The rotator cuff tears gradually, or all at once. Either way, the decision to repair it surgically is the beginning of a recovery that demands patience, precision, and a clear understanding of what is actually happening inside your shoulder.

Rotator cuff repair is one of the most commonly performed orthopedic surgeries in the United States, with more than 460,000 procedures annually. The surgery itself — most often performed arthroscopically, as an outpatient procedure under regional anesthesia — is well understood and reliably successful. The recovery is a different matter. It is long, it is phased, and it places significant responsibility on the patient to protect the repair during the weeks when the tendon is most vulnerable, while simultaneously progressing through a rehabilitation program that requires consistent effort over months.

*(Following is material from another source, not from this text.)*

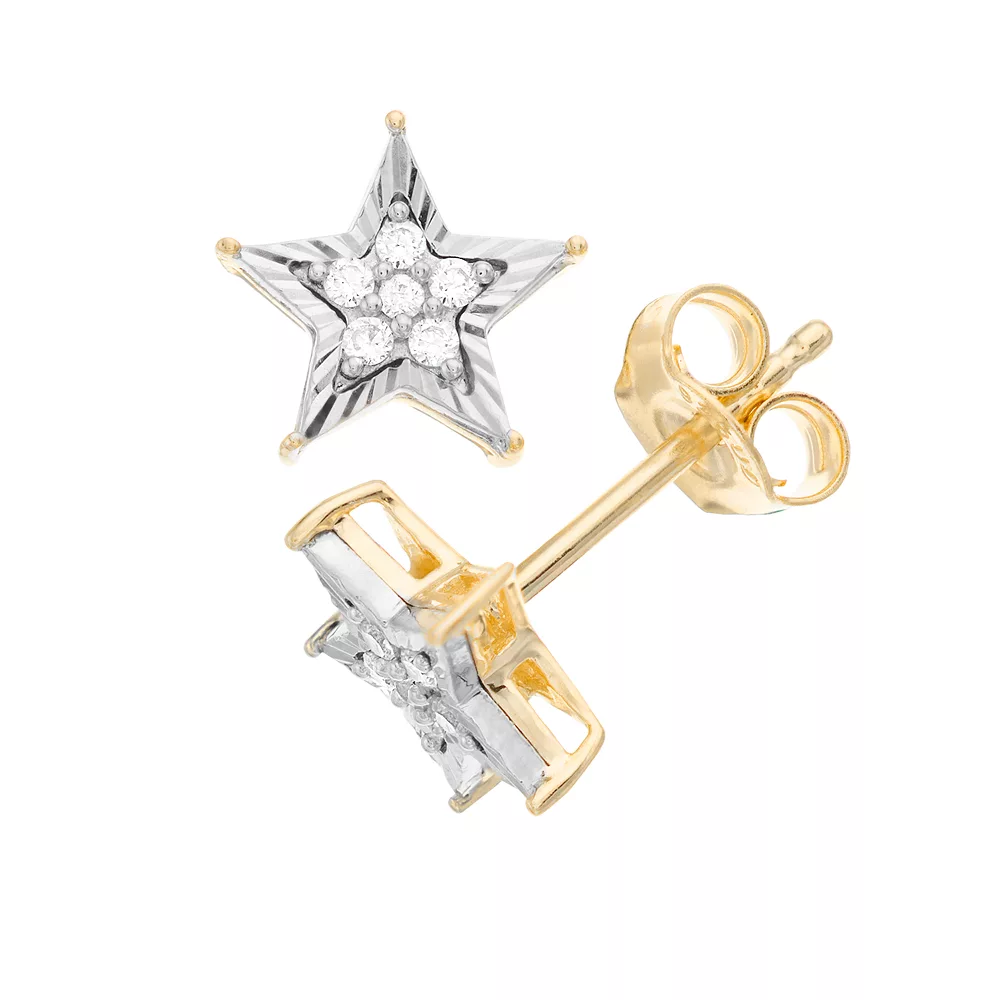 Featuring star-shaped clusters of diamond accents, these Diamond Brilliance stud earrings lend a touch of sparkle to any ensemble.

This guide covers the anatomy of the rotator cuff and why it tears, what the repair actually does to the tissue, why inflammation and pain management in the shoulder carry specific clinical weight, how to integrate cold and compression therapy across the full recovery arc, and what return to full function actually looks like when the process is done right.

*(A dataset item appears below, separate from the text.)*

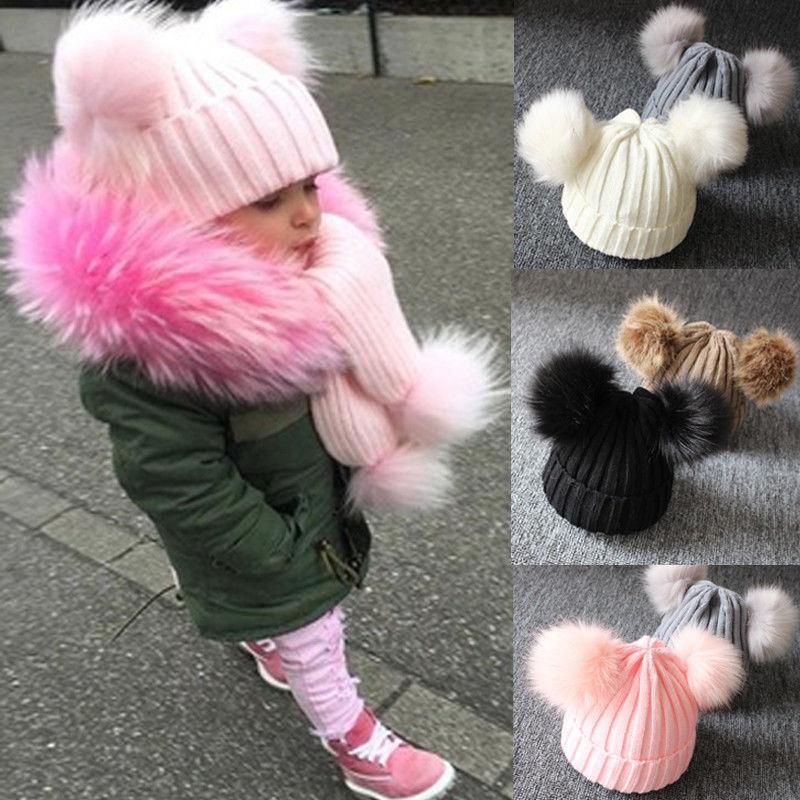 Trend Cute Newborn Baby Winter Warm Hats Infant Kids Girls Boys Knit Hat With Pompom Ball Beanie Caps For Girls

Understanding the Rotator Cuff and Why It Tears

Four muscles, one complex mechanical system — and why it is uniquely vulnerable to both injury and difficult recovery.

What the Rotator Cuff Does

The rotator cuff is a group of four muscles and their tendons that surround the glenohumeral joint — the ball-and-socket joint where the upper arm meets the shoulder blade. The four muscles are the supraspinatus, infraspinatus, teres minor, and subscapularis. Together they perform two functions: rotating and lifting the arm, and, more critically, compressing the humeral head against the glenoid socket to stabilize the joint during movement. Without adequate rotator cuff function, the shoulder is mechanically unstable. Reaching overhead, throwing, pushing, and even carrying objects at the side all depend on the rotator cuff firing correctly to keep the joint centered.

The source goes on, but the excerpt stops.